#### Provided material:
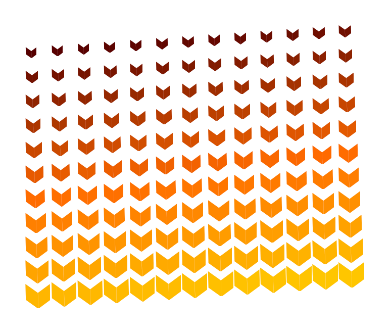 This features a pattern made up of numerous orange cubes arranged in various shapes and sizes. The cubes are placed on top of each other, creating an interesting visual effect. The arrangement starts with smaller cubes at the top and gradually increases in size as they move downwards. This unique design creates a sense of depth and intrigue, making it an eye-catching pattern that stands out from typical geometric shapes.
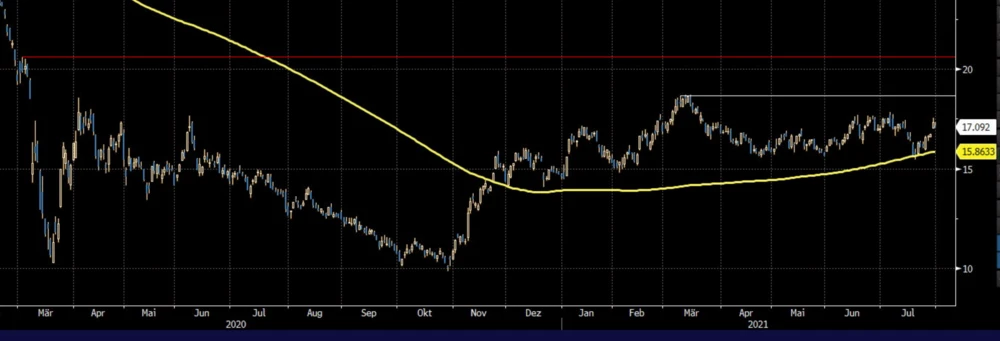 Im Auge behalten sollte man aber auch das Zwischenhoch bei 17,82 Euro. Sollte der Sprung darüber gelingen, gilt es anschließend, auch das bisherige Jahreshoch bei 18,69 Euro zu überwinden. Dadurch wäre der Weg nach oben vorerst frei.
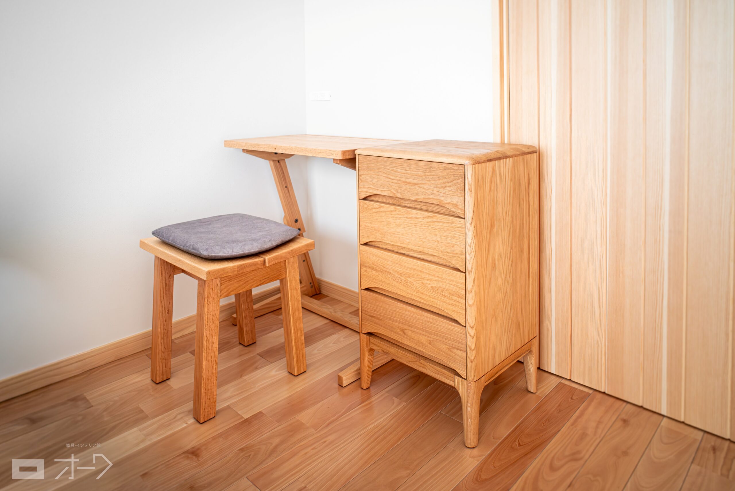 アルダー無垢材のデスクセットをお届けしました。淡い色合いと滑らかな木肌が特長的な、やさしい印象に仕上がったデスクです。サイドキャビネットも合わせてお選びいただき、大人向けの作業デスクとして活躍してもらえる組み合わせになりました。
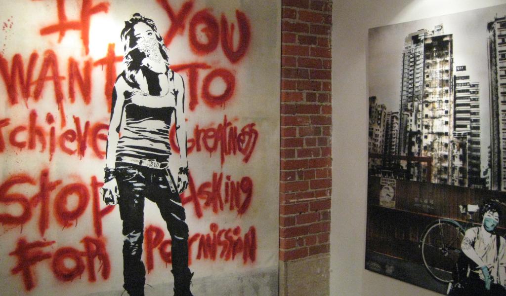 Wallpaper Girl on the painted wall background

#### Work to complete:
None of the pictures should be reproduced; all other material above must be set down exactly.

#### Solution below:
 This features a pattern made up of numerous orange cubes arranged in various shapes and sizes. The cubes are placed on top of each other, creating an interesting visual effect. The arrangement starts with smaller cubes at the top and gradually increases in size as they move downwards. This unique design creates a sense of depth and intrigue, making it an eye-catching pattern that stands out from typical geometric shapes.
 Im Auge behalten sollte man aber auch das Zwischenhoch bei 17,82 Euro. Sollte der Sprung darüber gelingen, gilt es anschließend, auch das bisherige Jahreshoch bei 18,69 Euro zu überwinden. Dadurch wäre der Weg nach oben vorerst frei.
 アルダー無垢材のデスクセットをお届けしました。淡い色合いと滑らかな木肌が特長的な、やさしい印象に仕上がったデスクです。サイドキャビネットも合わせてお選びいただき、大人向けの作業デスクとして活躍してもらえる組み合わせになりました。
 Wallpaper Girl on the painted wall background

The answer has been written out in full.